# The Webscraper

## Websites to be consumed and rationale for extracting web content

For the NLP prototype, a large text corpus (around 8000 elements) is needed that is relevant to the automotive industry. “Eric the Car Guy” is an automotive website containing many forums relating to automotive content. The “Service and Repair Questions Answered Here” (https://www.ericthecarguy.com/forums/forum/stay-dirty-lounge/service-and-repair-questions-answered-here/) forum was used for generating a text corpus via a web scraper. This forum was chosen as there is enough posts to create a large enough corpus, but also the natural language used will align to the NLP project. After a brief analysis, users were often mentioning the make/model of the problematic car, and what the problem was (specific part fault), which is the exact information needed for this NLP prototype. 

There are many other automotive forums within this website, such as news, sales, or video discussions. Even though parts and car models may be mentioned, the context of the natural language will not be suitable for this NLP prototype.

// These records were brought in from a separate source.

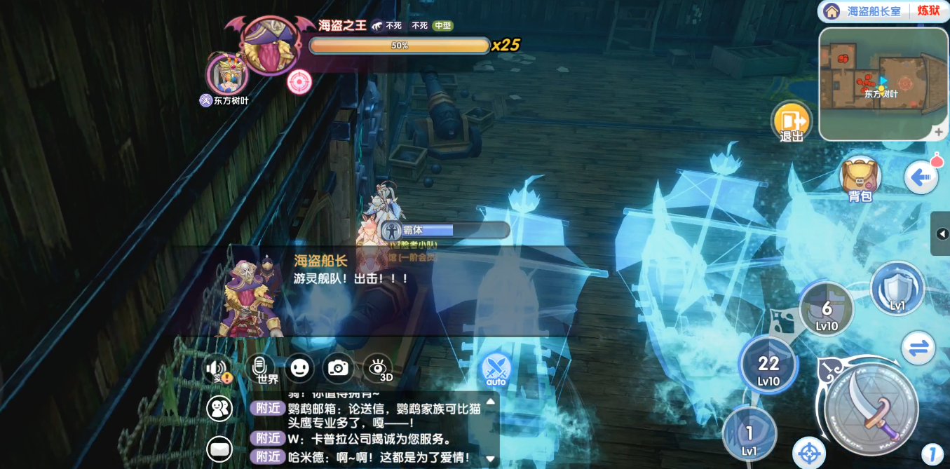 普通难度的海盗船长室有两个阶段,血量50%以上为第一阶段,血量50%以下为第二阶段。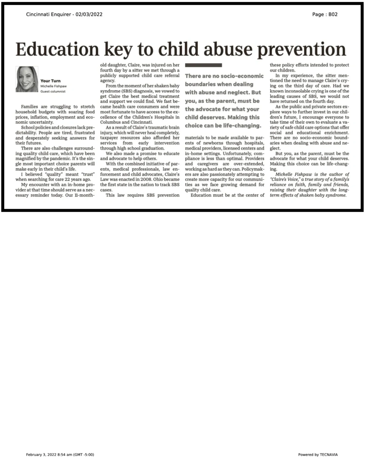 “I admire Jon and Michelle Fishpaw’s tireless efforts in helping to raise awareness on Shaken Baby Syndrome. It was truly an honor to work with them to introduce and pass Claire’s Law in Ohio.”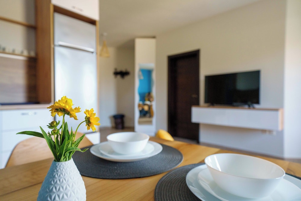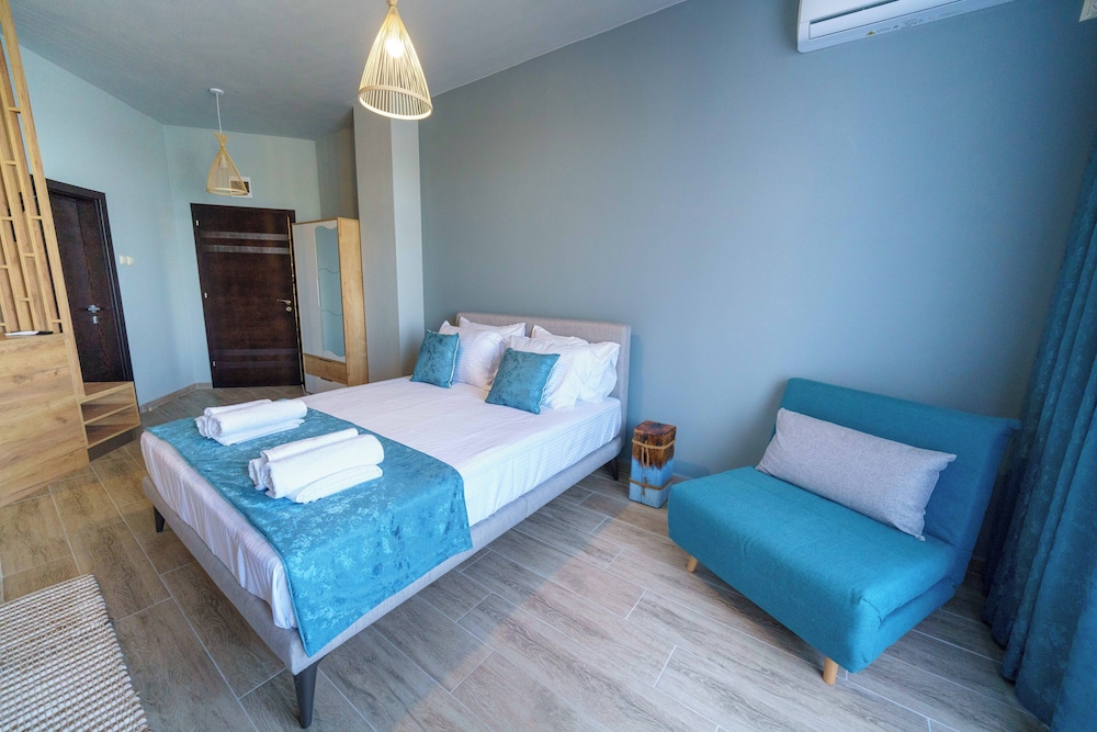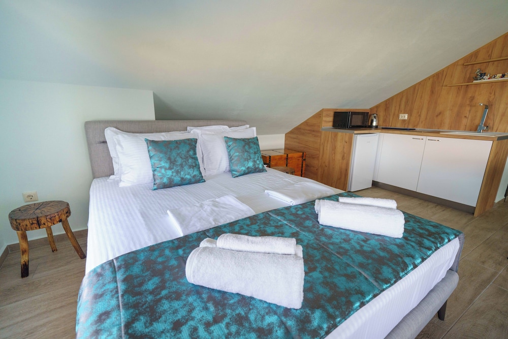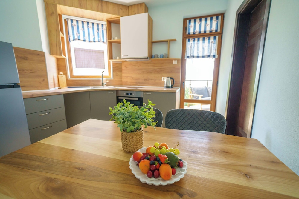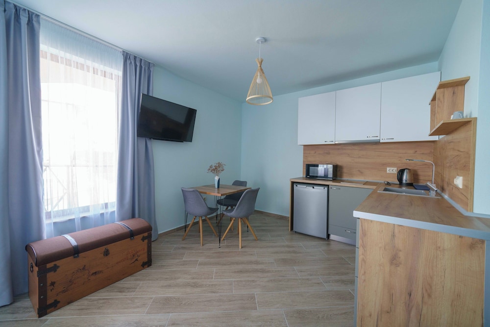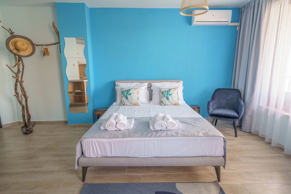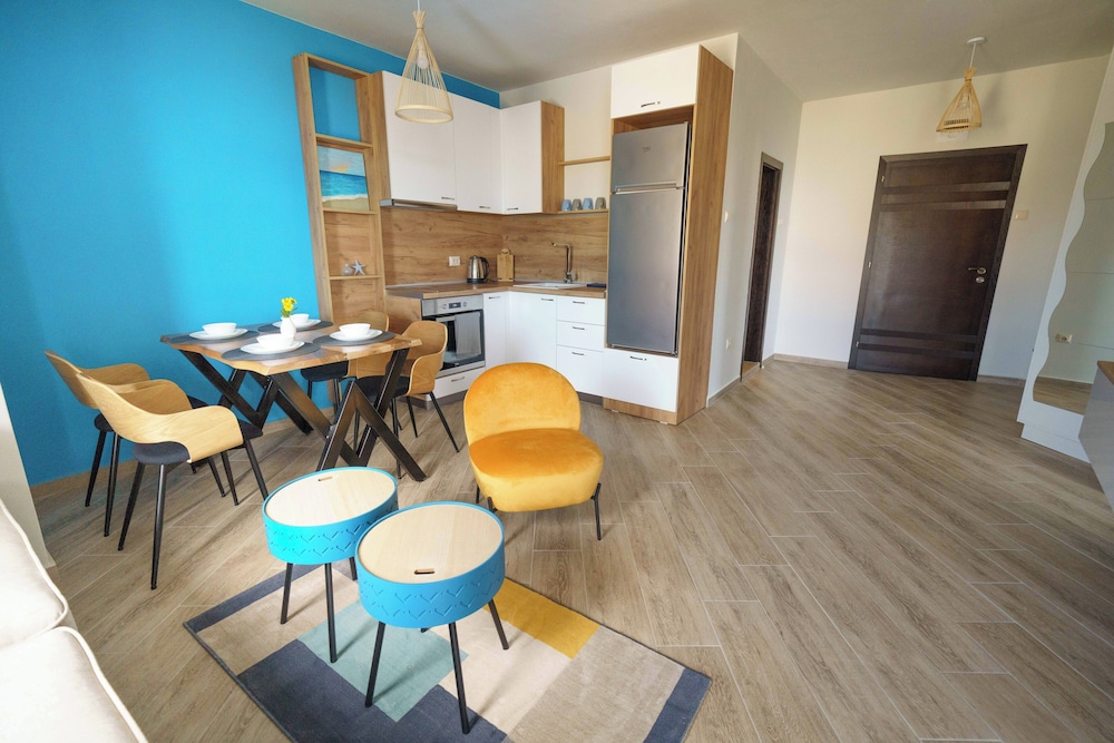Hervorragende Lage, perfekte Gastgeber, geniales Frühstück - immer abwechslungsreich, jeden Tag mit Liebe von der Gastgeberin Vessela persönlich zubereitet. Sehr gemütliche, saubere und schön eingerichtete Apartments, alle mit Meerblick!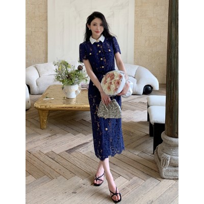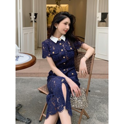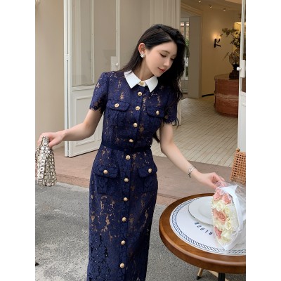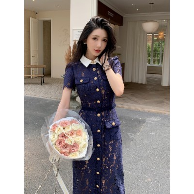 新款女装深蓝色蕾丝花边拼接复古小香风撞色翻领短袖长裙连衣裙子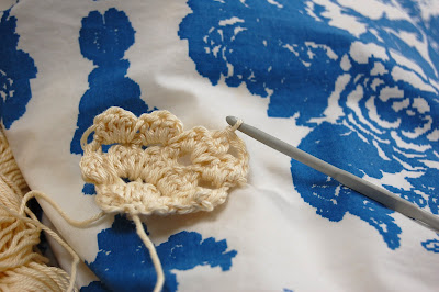 Round 12. 3dc then 1slst into the 2ch bridge. (1 cluster).

## Website/data copyright considerations 

Eric the Car Guy contains a Copyright notice for the use of the information within the website that can be found here: http://new.ericthecarguy.com/terms-of-service/ under the first paragraph in the “Personal Use” section. The scraping of this website is within accordance of the copyright notice as this information is being scraped for learning purposes is only intended for personal use and will not be reproduced in a commercial format. If this prototype is to be given to a development team or used in a commercial environment, then written consent from Eric the Car Guy will be needed. 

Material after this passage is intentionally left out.